In hearing from Greg, Hesh & Jelle, you've heard from industry heavyweights. I'm sure you'll hear from other heavy hitters too. You're in good hands :)

Have a GREAT week, man :)

The comment about the fractions was just me thinking out loud...I do that. :)

I did the same thing with the fractions, Paul. Didn't type it but I did talk to the screen... but then I do that a lot anyway. 

Do you think it might be the plastic cover on the Elixir strings that keeps down the buzzing? I know it's thin because I've used them in the past (just got tired of paying for them) and wouldn't have much effect if it was that but I'm just curious.

Hi Pim, welcome!

Is there a gap between the heel of the neck and the sides of the guitar?

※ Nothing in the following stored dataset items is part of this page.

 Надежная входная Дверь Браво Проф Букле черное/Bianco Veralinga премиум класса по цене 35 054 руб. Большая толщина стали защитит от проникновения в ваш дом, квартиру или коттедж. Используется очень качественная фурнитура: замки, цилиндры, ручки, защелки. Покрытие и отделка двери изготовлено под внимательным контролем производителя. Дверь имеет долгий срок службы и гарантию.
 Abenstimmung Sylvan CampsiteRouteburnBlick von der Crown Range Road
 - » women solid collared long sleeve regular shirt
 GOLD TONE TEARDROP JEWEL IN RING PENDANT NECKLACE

The straightedge test is a good way to help someone visualize the concept of the fret tops and bridge top as being in the same plane.  In practice, it's not the best way to check the ante because some tongue rise can throw off the measurement.  Instead, I adjust a neck straight (from nut to 12th fret) then compare the action at 12th to the amount of saddle protrusion.

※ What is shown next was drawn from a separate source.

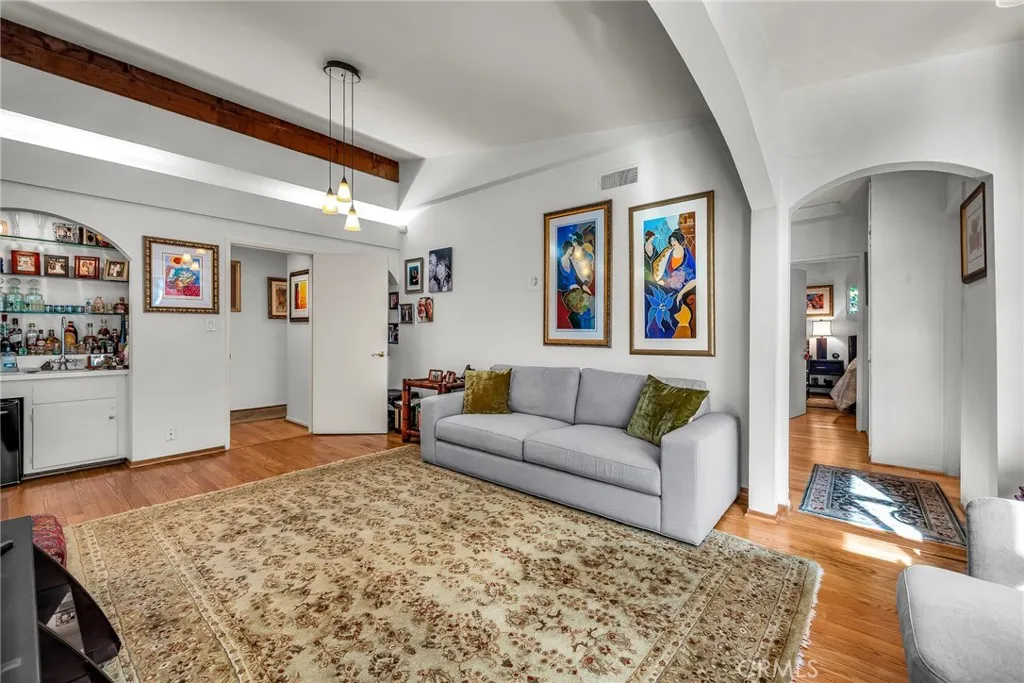 Nestled in a quiet pocket of the Beverly Hills Post Office area, this inviting 3 bedroom, 2.5 bath home offers multiple living spaces designed for both everyday comfort and effortless entertaining. The spacious kitchen features an eat in dining area along with a separate enclosed dining room, ideal for intimate meals or flexible use as a home office or den. The primary suite is privately positioned apart from the secondary bedrooms, creating a thoughtful layout for separation and retreat. French doors from the living room and kitchen open to a private backyard and patio, offering a serene setting that feels removed from the city yet remains just minutes from Beverly Hills. Additional features include a dedicated laundry area, a generous two car garage, and a half moon driveway with ample guest parking.

A reset is a fun and rewarding project although it is a challenging repair, especially for a beginner.  The mortise and tenon joint is more straightforward than a dovetail so it would be a good first Martin to reset.  

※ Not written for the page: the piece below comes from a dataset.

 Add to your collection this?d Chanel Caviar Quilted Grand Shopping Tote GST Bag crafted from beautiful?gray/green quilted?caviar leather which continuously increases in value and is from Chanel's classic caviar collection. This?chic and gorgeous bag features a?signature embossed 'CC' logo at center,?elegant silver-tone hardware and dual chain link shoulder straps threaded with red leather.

Here is my martin mortise and tenon routine:

http://fingerlakesguitarrepair.com/martin-mortise-and-tenon-neck-re...

This article goes into the details of the math:

http://fingerlakesguitarrepair.com/taylor-neck-reset/

Thanks Nathan!

There is no gap between the neck and te side of the guitar. On one side of the heel (on the fb side) there seems to be a REALLY small gap, but I can't even get my thinnest feeler gage in there. If it is a gap, it's no wider than 1/16".

How do I compare the action at the 12th fret to the amount of saddle protrusion? I don't get the saddle protrusion part. The saddle protrusion is 2mm (0.0787") at the 6th string. 

The routine and article look interesting, thanks for that. I really hope I'll be able to find somebody in The Netherlands who can "walk me through" the more serious repairs. 

By saddle protrusion, I'm referring to how much saddle is sticking up above the bridge at the 6th string.  

For example: if your saddle protrusion is 1/32, your action is 4/32" and you want your action to be 3/32" then you need to cut down the saddle by 1/16" which is twice the desired change at the 12th fret.  That is not possible in this scenario because the saddle is already as low as it can go so you would therefore need a neck reset (or maybe plane down the bridge to allow for more saddle protrusion on a cheap guitar) in order to lower the action.